Our other birding highlights included Sri Lanka Junglefowl, White-faced Starling, Sri Lanka Myna, and Emerald Dove. After a late lunch and a cuppa, we returned to the Blue Water Hotel by 7.30 p.m. On the way back, Steve braved to try Pol-roti with improvised-explosive Lunu-miris. Lunu miris is a chillie paste made with (a choice of) chillies and onionons; adding lime in the end. This version was made with Thai pepper. Putting them to his mouth, and after regaining his breath, Steve told me that it was the hottest thing ever tasted!
Purple-faced Leaf Monkey Trachypithecus vetulus—a troop of this endemic folivorous primate afforded good views.
Layard’s Squirrel Funambulus sublineatus—in mixed species bird flocks as they usually do.
Giant Squirrel Ratufa macroura—following birds in the second flock encountered.
Common Imperiel Cheritra freja—not a common species in Sri Lanka as the name suggests. We had brief but good views of this lycaenid butterfly sporting a long tail, which was a first for me at Sinharaja.
Blue Admiral Kaniska canace—we had good long looks of an individual settled on a broken concrete bridge. This again was my first sighting of this striking blue butterfly at Sinharaja.
In addition to the above, we had Red Helan, Cruiser (both sexes), Clipper, Sri Lanka Rose, Giant Crow, Tailed Jay, Bluebottle, Blue Glassy Tiger, Common Glassy Tiger, Plum Judy, and Glade-eye Bushbrown.
Newly-discovered Lyriothemis sp.—we had good looks of this rain forest dragonfly, which awaits formal description. Here is the female.
Fruhstorfer’s Junglewatcher Hylaeothemis fruhstorferi fruhstorferi—we encountered this highly scarce endemic on several occasions including a pair close together.

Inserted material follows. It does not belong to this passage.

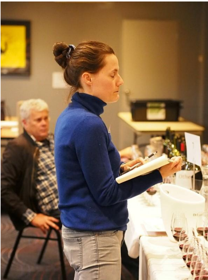
Judging wines is a tiring job and a micro nap is just the remedy to get into the next batch.

In addition to the above, we had a few of the usual suspects including Shining Gossamerwing, Spine-tufted Skimmer, Black-tipped Flashwing, Marsh Skimmer and Green Skimmer (in tandem), and Blurry Forestdamsel.
Sri Lanka Whistling Lizard Calotes liolepis—we had two encounters of this rare endemic agamid lizard. The one was when it was found on a lichen-covered wall to which it was merged well as shown here.
Green Forest Lizard Calotes calote—this young male wearing a fresh coat of skin looked to be at the prime of its youth.
Other reptiles seen were Common Skink, Kangaroo Lizard, and Sri Lanka Keelbacked Water Snake.